[Stored data]
======

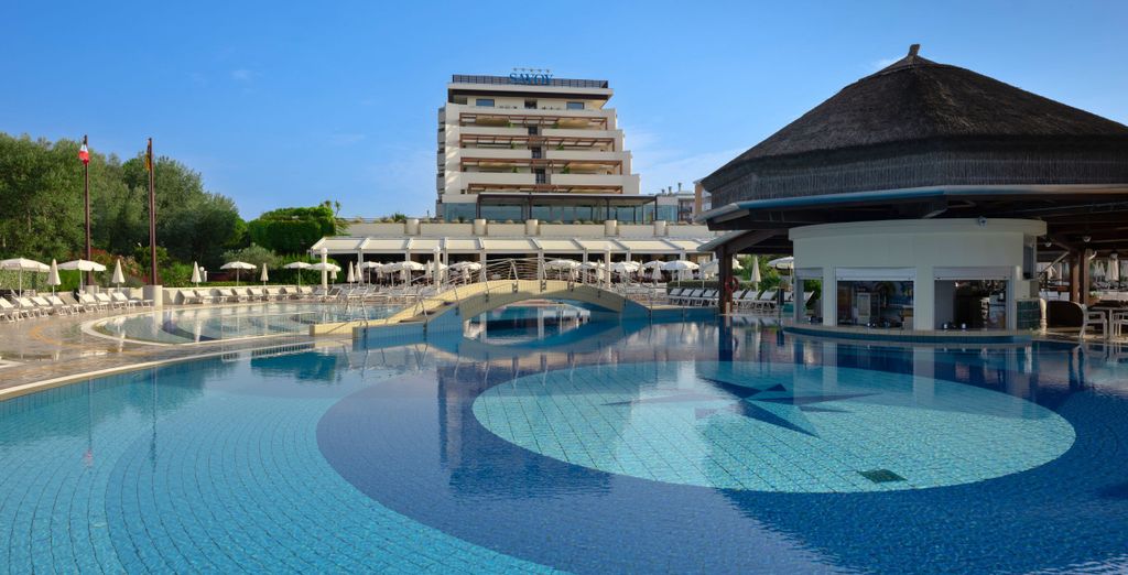 Il Savoy Beach Hotel & Thermal Spa 5* incarna l'eccellenza delle vacanze di prestigio sulla costa adriatica, offrendo un'esperienza completa che unisce relax termale, benessere e comfort di alto livello. Questo resort di alto livello si affaccia direttamente sul mare, regalando agli ospiti viste mozzafiato e accesso privilegiato alla spiaggia privata. Le camere e suite sono arredate con eleganza contemporanea e dotate di ogni comfort moderno, aria condizionata e tecnologie all'avanguardia. Gli spazi sono pensati per garantire privacy e tranquillità, con balconi che si aprono su panorami indimenticabili.
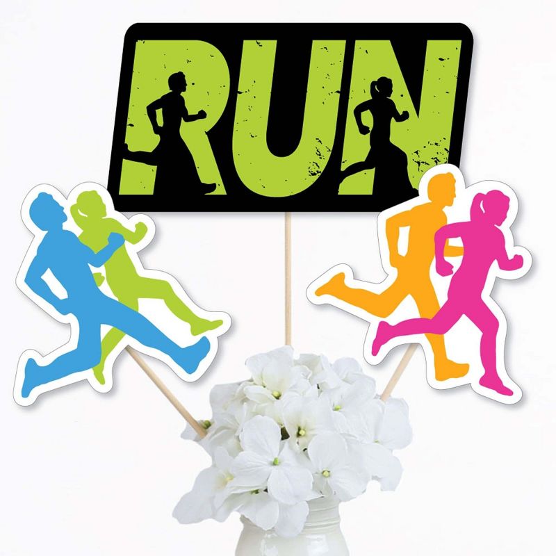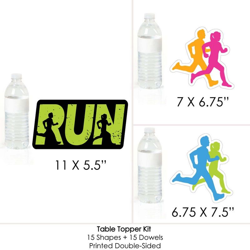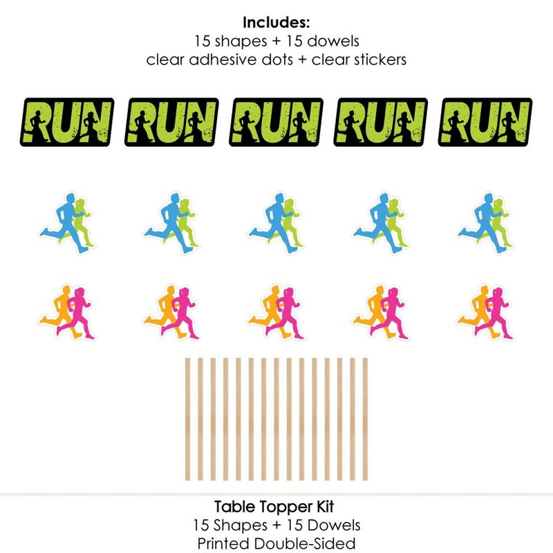Set The Pace - Running Centerpiece Sticks INCLUDES 15 running table toppers in three different shapes, 15 wooden dowel sticks and stickers for easy assembly. Track party table decorations are perfect for a marathon party. Set The Pace - Running Centerpiece Sticks SIZE five run table toppers, 11" wide x 5.5" tall; five runners table toppers, 7" wide x 6.75" tall; and five runners table toppers, 6.75" wide x 7.5" tall. The unique design and variety of pieces makes this table decoration kit an impressive addition to any cross-country theme party. EASY PARTY DECOR: Set The Pace - Running table decorations can be used as centerpieces when attached to the included dowels and inserted into vases or floral arrangements. They easily accent your cross-country party candy buffet when you add them to apothecary jars. Table toppers are also a great addition to any photo booth. The large shaped cut outs will make your party pics instantly shareable. Running centerpiece sticks are sure to make a statement however you choose to use them! PREMIUM PARTY SUPPLIES: Set The Pace - Running table toppers are professionally printed on heavy-duty cardstock paper with a photo-like shine. They are individually inspected and carefully packaged by hand with wooden dowels and stickers for easy assembly. Get creative with your DIY party ideas! MADE IN THE USA: Set The Pace - Running - Track, Cross Country or Marathon Party Centerpiece Sticks are designed and manufactured at our Wisconsin facility using materials that are Made in America.
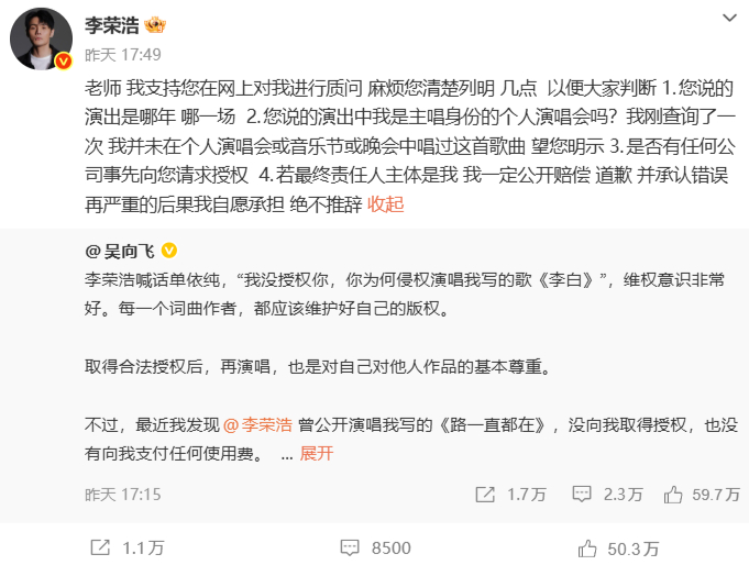 但李荣浩不一样,他没授权单依纯在演唱会上唱《李白》,结果人家还是翻唱了。他要维权,公开声讨,然后被骂。
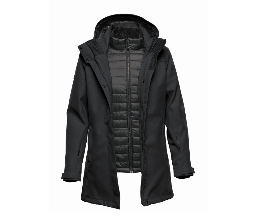 Vollständig verschweißte Nähte. Artikulierte Ellbogen. Mehrfach verstellbare, abnehmbare Kapuze. Ergonomische Zieher. Innentasche. Wassersäule 10.000 mm. Atmungsaktivität 5.000 g/m². -10°C à -30°C.
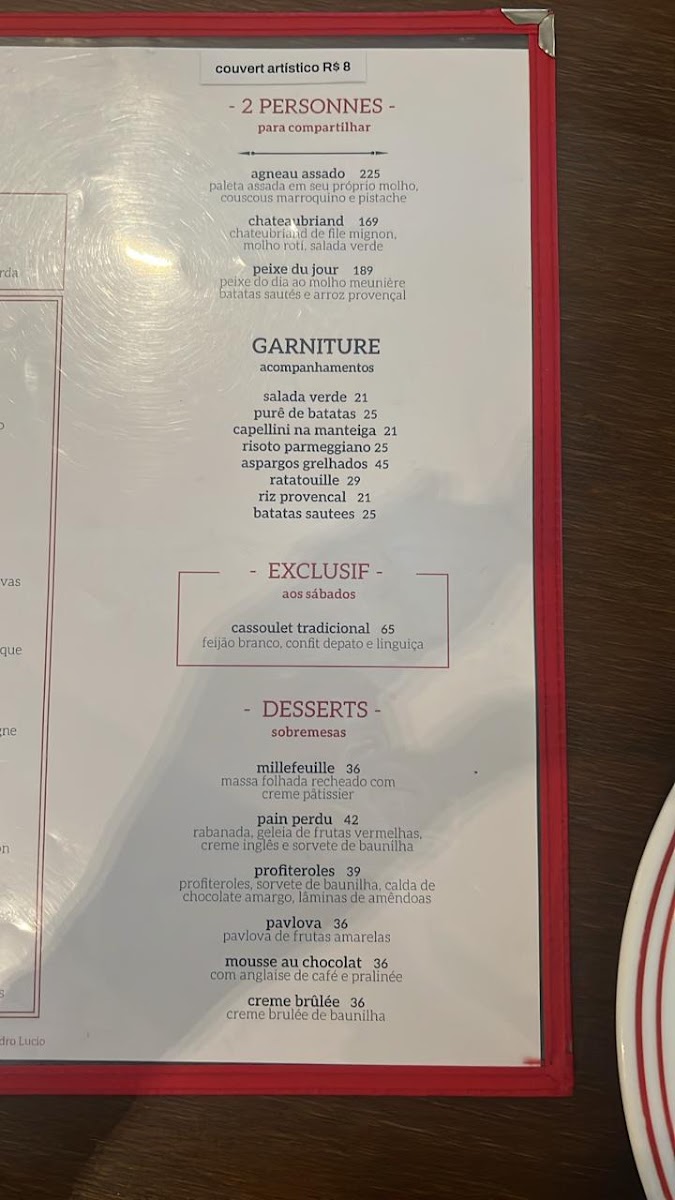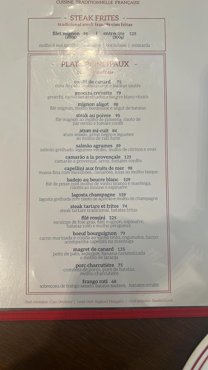 The menu features a mix of timeless French specialties and modern interpretations. You’ll find delicacies such as creme brûlée and escargot to start, with main courses like boeuf bourguignon, steak tartare, and chateaubriand that offer both comfort and depth. These dishes are ideal for those looking to enjoy a rich, flavorful experience that pairs beautifully with the restaurant’s intimate and classic setting.

======

Brief: Output only the stretch above from the line with "但李荣浩不一样,他没授权单依" through the line with "Vollständig verschweißte Nähte.", reproduced exactly. Exclude pictures.

Exercise response:
 但李荣浩不一样,他没授权单依纯在演唱会上唱《李白》,结果人家还是翻唱了。他要维权,公开声讨,然后被骂。
 Vollständig verschweißte Nähte. Artikulierte Ellbogen. Mehrfach verstellbare, abnehmbare Kapuze. Ergonomische Zieher. Innentasche. Wassersäule 10.000 mm. Atmungsaktivität 5.000 g/m². -10°C à -30°C.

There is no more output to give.